Circa 2,4 miliardi di dollari di queste posizioni sono stati chiusi, probabilmente a causa di un mix di chiusure di posizioni lunghe da parte dei Market Maker, fattori di rischio ribassista ed eventi di liquidazione.
La giornata di ieri ha segnato il volume più alto di posizioni con leva finanziaria nella storia di Bitcoinin un solo giorno, per un totale di 8,41 miliardi di dollari.
Oggi sono stati chiusi 2,4 miliardi di dollari USA, probabilmente a causa della chiusura di posizioni lunghe da parte dei Market Maker, di inneschi di stop ribassisti e di liquidazioni.
Ciò indica posizioni lunghe aggressive,… pic.twitter.com/325BMmEpBD
— Joao Wedson (@joao_wedson) 24 aprile 2025
Wedson ha avvertito che queste operazioni con leva finanziaria, insieme ai bassi di trading , dimostrano che i mercati si stanno preparando alla volatilità, incerti su quale direzione prendere.
" Bitcoin ha ora posizioni lunghe massicce, e questo potrebbe innescare nuove ondate di liquidazioni.
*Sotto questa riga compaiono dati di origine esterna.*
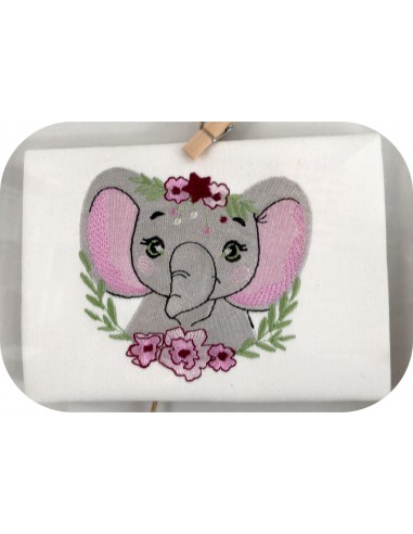 Voici une petite éléphante avec son serre tête étoile à broder sur différentes créations avec ses fleurs

Dopo la recente impennata dei prezzi e le liquidazioni allo scoperto, detenere posizioni lunghe ora potrebbe aumentare il rischio ", ha sostenuto.
L'attuale rally del mercato è sostenibile?
In un rapporto di mercato di martedì, il responsabile della ricerca 10x Markus Thielen ha affermato che il grafico di Bitcoin tron rottura tecnica da un modello a cuneo discendente, ma l'attività delle stablecoin, una fonte di liquidità per i mercati delle criptovalute, è bassa.
" Il nostro indicatore di conio di stablecoin deve ancora tornare a livelli di elevata attività ", ha osservato Thielen. Ha affermato che, sebbene i dati tecnici suggeriscano che Bitcoin potrebbe salire verso i 98.000-99.000 dollari, il rally potrebbe non avere la liquidità necessaria per sostenere uno slancio rialzista, a meno che gli afflussi di stablecoin non aumentino.
Il trader professionista Chris Criner ha sostenuto la teoria di Thiel, affermando che il mercato era destinato a una correzione a breve termine.
" Ha funzionato a un ritmo sostenuto, quindi in normali condizioni di mercato ci si aspetterebbe un calo ", ha scritto su X, prevedendo che Bitcoin potrebbe tornare nella fascia tra gli 88.000 e gli 89.000 dollari. Criner ha detto ai follower che un calo potrebbe ritestare i recenti minimi di 84.000 dollari.
Il trader ha anche discusso di come le tensioni geopolitiche potrebbero ostacolare una crescita sostenuta del mercato, soprattutto se Washington e la Cina continuano la loro battaglia tariffaria.
" Se giocano duro con i dazi, allora penso che il mercato potrebbe impazzire e tornare ai minimi. Hanno letteralmente le nostre palle in mano, anche se credo che sappiano che cercare di fregare Trump non è l'opzione migliore per nessuno dei due Paesi. È il grande "e se". Una volta superato questo problema, allora dovremmo essere liberi di correre di nuovo in modo significativo ", ha calcolato.
I dati dell'indice dei prezzi al consumo (CPI) statunitense di aprile sono nelle menti degli investitori
Gli operatori attenderanno l'indice dei prezzi al consumo (CPI) statunitense di aprile, la cui pubblicazione è prevista per il 13 maggio, prima di assumere posizioni di entrata o di uscita.
I dati CPI di marzo sono scesi al 2,4% su base annua, il livello più basso da febbraio 2023. Alcuni hanno accolto con favore il calo, che ha incluso un calo dell'inflazione al 2,4%, ma altri lo hanno interpretato come un segnale ribassista per Bitcoin nel breve termine.
L'iShares Bitcoin Trust (IBIT) di BlackRock continua a guidare il mercato degli ETF, con afflussi pari a 2,7 miliardi di dollari dall'inizio dell'anno, di cui 346 milioni di dollari solo la scorsa settimana.